Reached for comment, Snapchat and Twitter said illegal activity violates their guidelines and they work diligently to remove it through various means; YouTube parent Google did not provide a comment, although YouTube likewise explicitly prohibits illegal activity or content that encourages it.

After meeting with various anti-crime nongovernmental organizations for months, Peters and her counterparts came to the same bleak conclusion about the proliferation of international crime on social media. “One day about six months into it, we were like, fuck, we’re gonna have to do something about this,” she says,” “because nobody else is going to do it.”

In late 2018, she launched the Alliance to Counter Crime Online (ACCO), a global but “scrappy” consortium of more than 40 members with the shared mission of educating lawmakers and regulators about the unimaginable scale of online crime. Through congressional testimony, debriefings on crime issues to relevant committees, and outreach to lawmakers in Washington, D.C.; the EU; Canada; and Australia, the group is actively trying to get legislative reform “across the finish line” in a major jurisdictional market, which could then spur changes globally.
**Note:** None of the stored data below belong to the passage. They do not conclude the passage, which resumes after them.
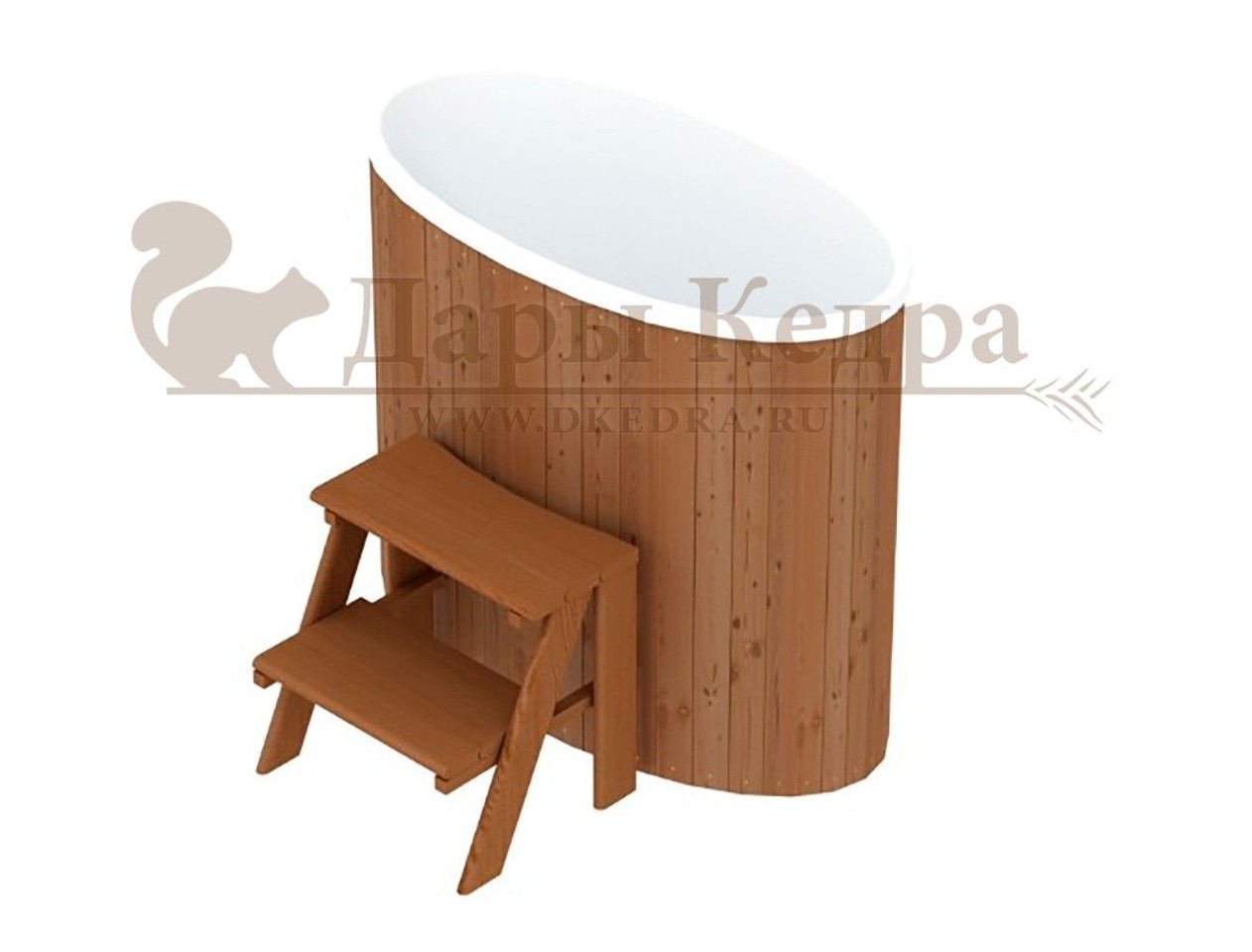 Это купель с внутренней овальной чашей, которая изготовлена из современного прочного и термоустойчивого материала (композита). Форма чаши обеспечивает комфортную посадку внутри изделия. Для удобного использования купель оснащена приставной лестницей. Обручи из нержавеющей стали декорируют купель с композитом и равномерно распределяют нагрузку во время процедур.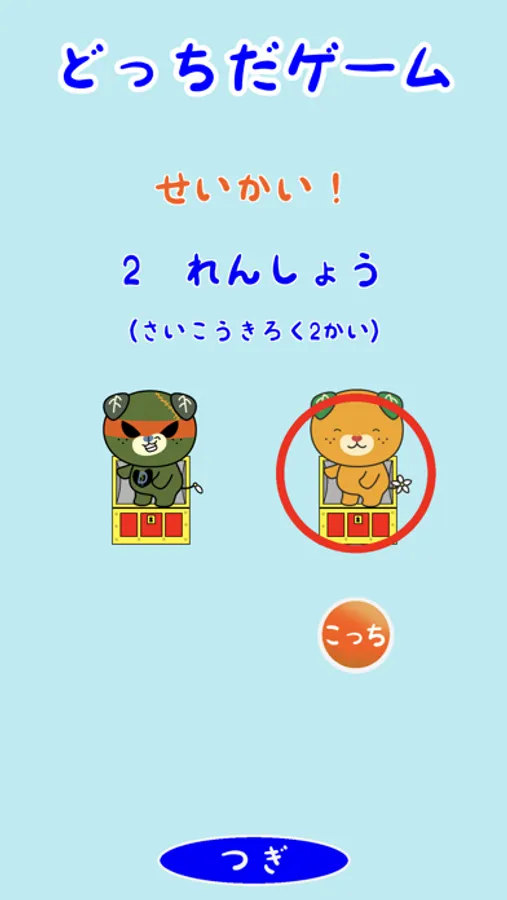 どっちだゲームで、みきゃんがはいっているはこをあててね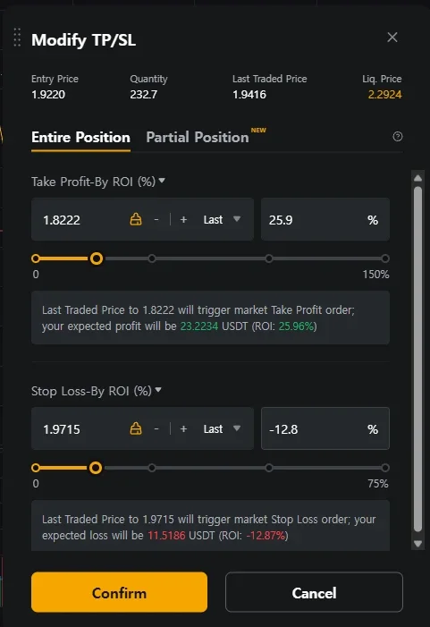추세선을 돌파하면 손절, 이에 맞추어 손익비 1:2로 잡아 수익 구간을 판단, 손실 퍼센트는 약 2.6%

What’s the ideal legislative fix? According to Peters, social media companies should be held to the standard of “duty of care,” a concept in tort law through which parties can be held accountable for negligent behavior. It’s an idea that supporters say is long overdue for online platforms. And legislators are finally paying attention—most notably in the U.K., where ACCO has briefed government staffers working on a proposed Online Safety Bill that would impose duty of care to social networks. The bill in its current form has its share of critics, including those who say it’s overly broad and could stifle legitimate free expression, but it could also signal a critical turning point in the broader discussion about social media’s responsibilities.

“The argument we make is that selling OxyContin tablets on Snapchat or selling a kid for sex on Facebook’s marketplace is not free expression,” Peters says. “It’s a crime.”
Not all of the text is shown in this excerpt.